DATA FOR PROCESSING:
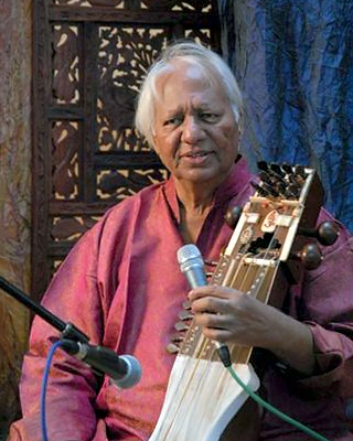 Ram Narayan at Thames Valley University, Slough, England, for a workshop and retreat in May 2007
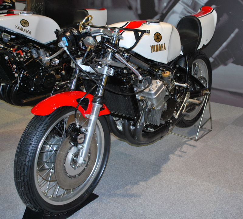 Yamaha YZR500 (OW20 1974, stripped)
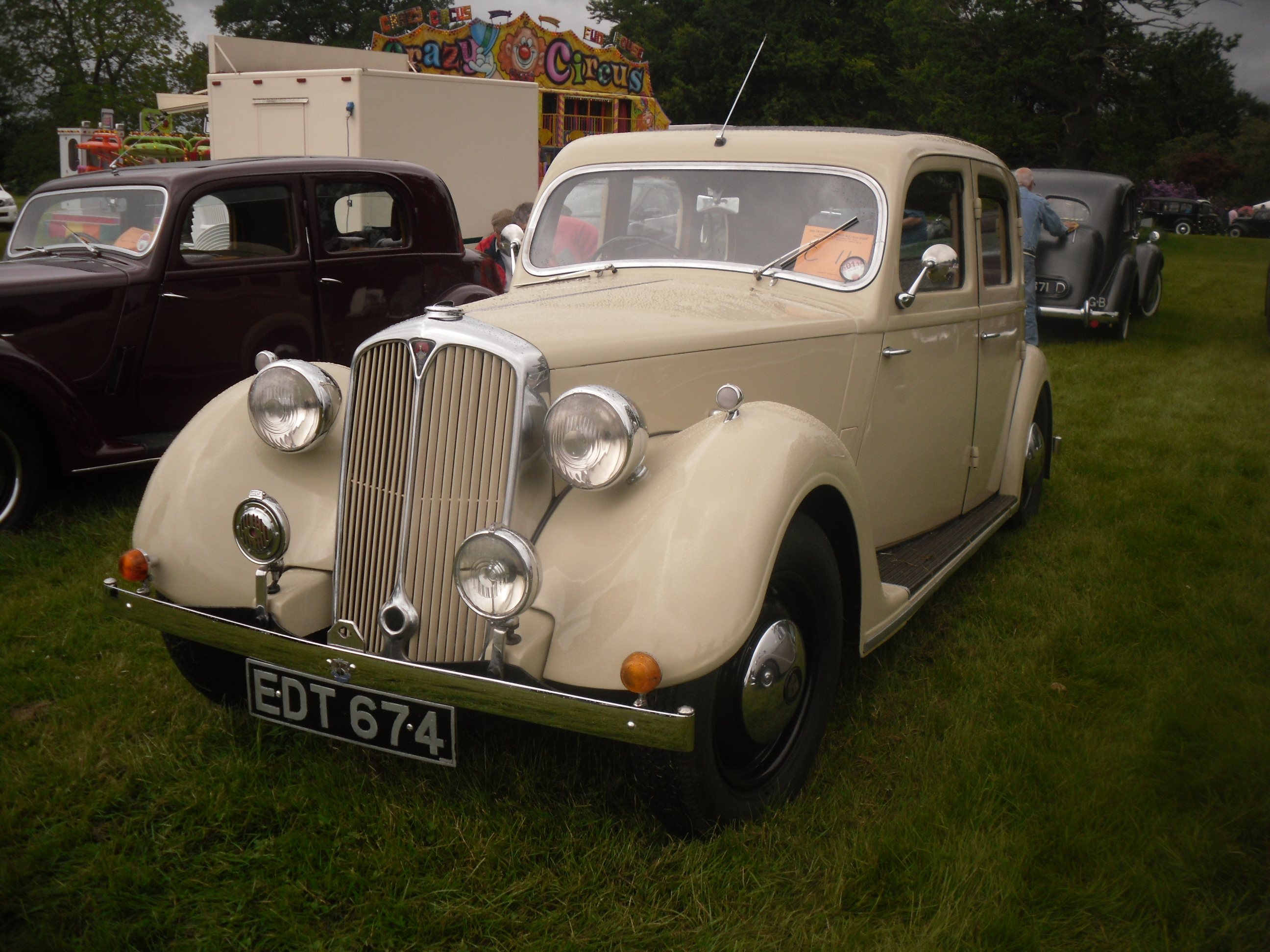 1947 ROVER 12 P2 6-light saloon EDT 674 (DVLA) first registered ? 1496 cc
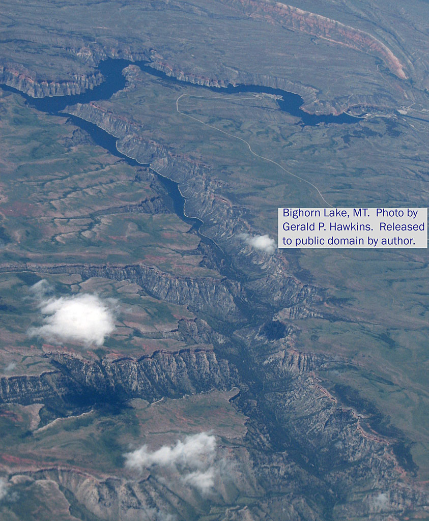 Photo of the eastern portion of Bighorn Lake, MT (& Wyoming). Taken from an aircraft at approximately 40000 feet.
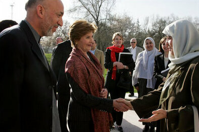 Afghan President Hamid Karzai introduces his wife, Dr. Karzai, to Laura Bush outside the presidential residence in Kabul, Afghanistan, Wednesday, March 30, 2005.
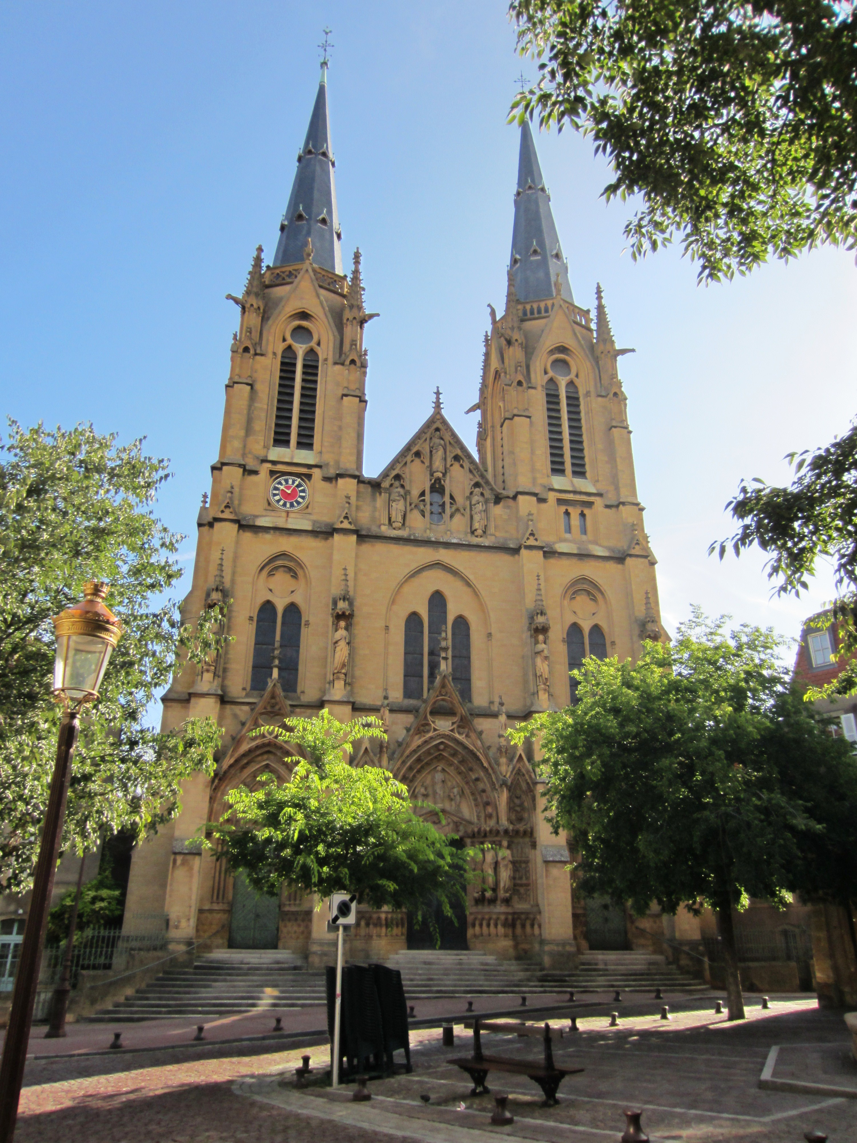 Description eglise Sainte Segolene Metz Date10 September 2011Sourcemon appareil photoAuthorAimelaimePermission (Reusing this file) eglise Sainte Segolene Metz
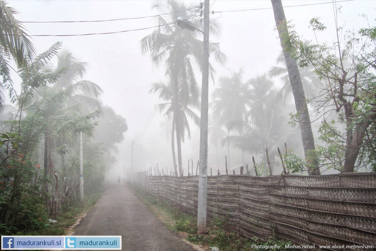 Misty Morning in Madurankuil
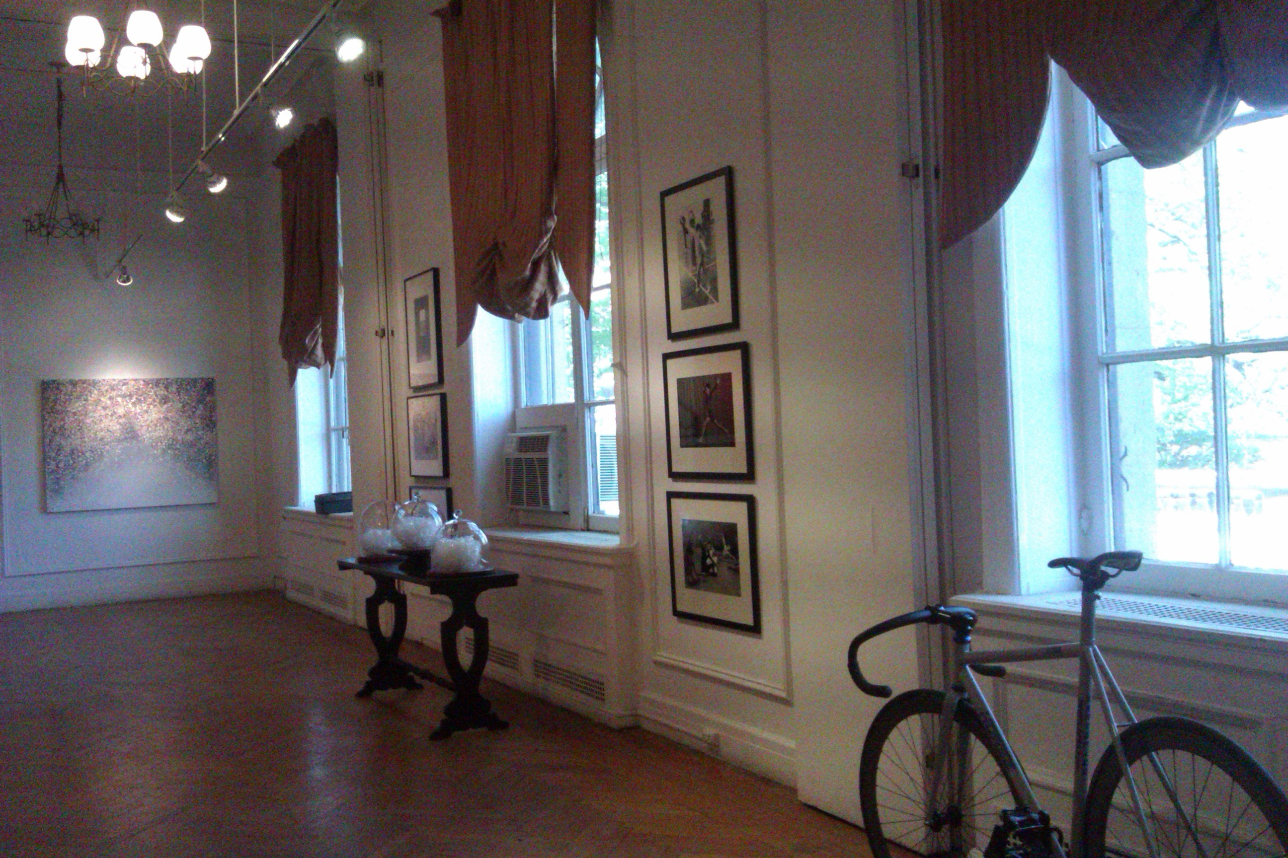 Brimming on the Edge exhibition at the Andrew Freedman Mansion in the Bronx during NYCxDesign Week.
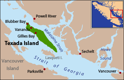 This is a locator map of Texada Island. I, Pfly, made it with ArcGIS, Adobe Illustrator, and Adobe Photoshop. The coastline data is from the Digital Chart of the World.
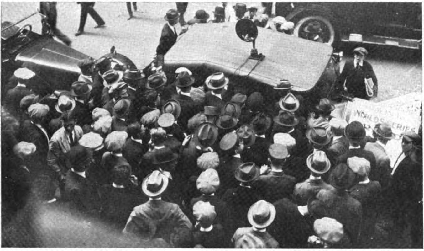 New Yorkers listening to the 1922 World Series of baseball by radio. In 1922 radio broadcasting was just getting started in a few major cities and was an exciting new "high tech" innovation. These financial workers on Wall Street are gathered around a car in which someone has installed a radio (cars didn't come with radios yet) and are listening to the play-by-play from the radio's horn loudspeaker which was placed on the roof.
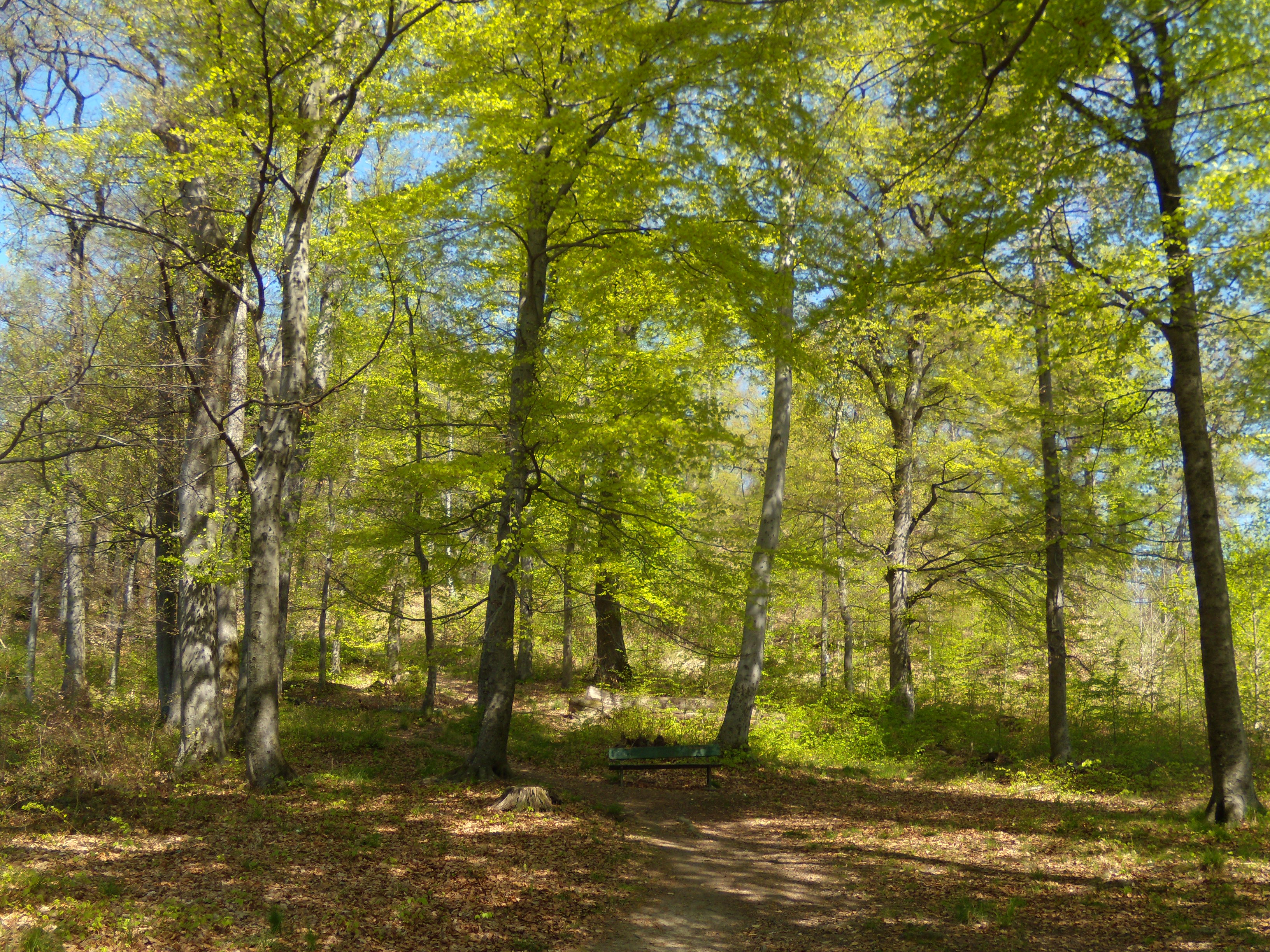 Sauvabelin Forest, Lausanne, Switzerland
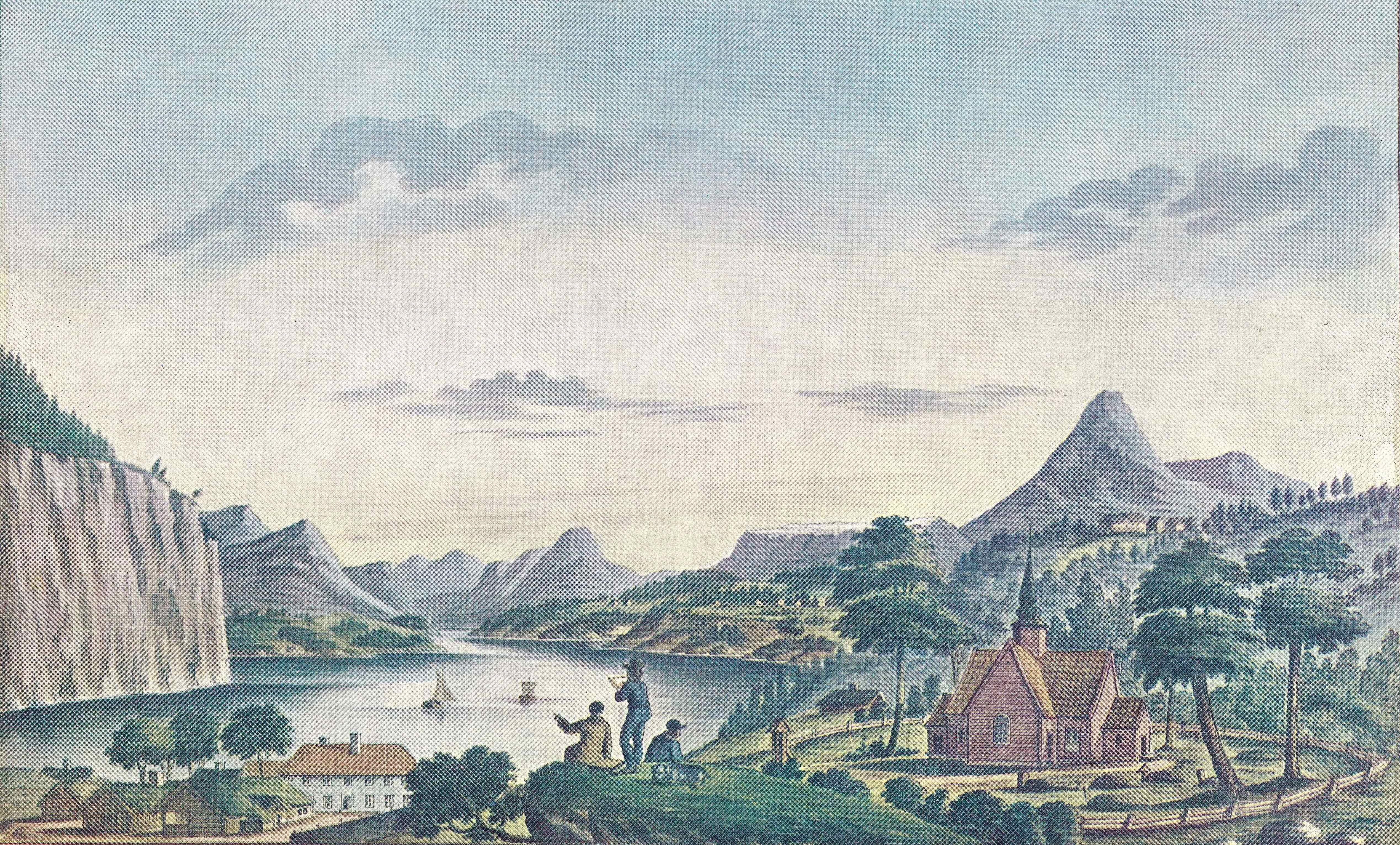 J.F.L. Dreier (1775-1833): View from Stranda towards Tafjord/Norddalsfjord

REQUIREMENT:
With the pictures removed, write the listing out word for word.

SOLUTION FOR THIS PROBLEM:
 Ram Narayan at Thames Valley University, Slough, England, for a workshop and retreat in May 2007
 Yamaha YZR500 (OW20 1974, stripped)
 1947 ROVER 12 P2 6-light saloon EDT 674 (DVLA) first registered ? 1496 cc
 Photo of the eastern portion of Bighorn Lake, MT (& Wyoming). Taken from an aircraft at approximately 40000 feet.
 Afghan President Hamid Karzai introduces his wife, Dr. Karzai, to Laura Bush outside the presidential residence in Kabul, Afghanistan, Wednesday, March 30, 2005.
 Description eglise Sainte Segolene Metz Date10 September 2011Sourcemon appareil photoAuthorAimelaimePermission (Reusing this file) eglise Sainte Segolene Metz
 Misty Morning in Madurankuil
 Brimming on the Edge exhibition at the Andrew Freedman Mansion in the Bronx during NYCxDesign Week.
 This is a locator map of Texada Island. I, Pfly, made it with ArcGIS, Adobe Illustrator, and Adobe Photoshop. The coastline data is from the Digital Chart of the World.
 New Yorkers listening to the 1922 World Series of baseball by radio. In 1922 radio broadcasting was just getting started in a few major cities and was an exciting new "high tech" innovation. These financial workers on Wall Street are gathered around a car in which someone has installed a radio (cars didn't come with radios yet) and are listening to the play-by-play from the radio's horn loudspeaker which was placed on the roof.
 Sauvabelin Forest, Lausanne, Switzerland
 J.F.L. Dreier (1775-1833): View from Stranda towards Tafjord/Norddalsfjord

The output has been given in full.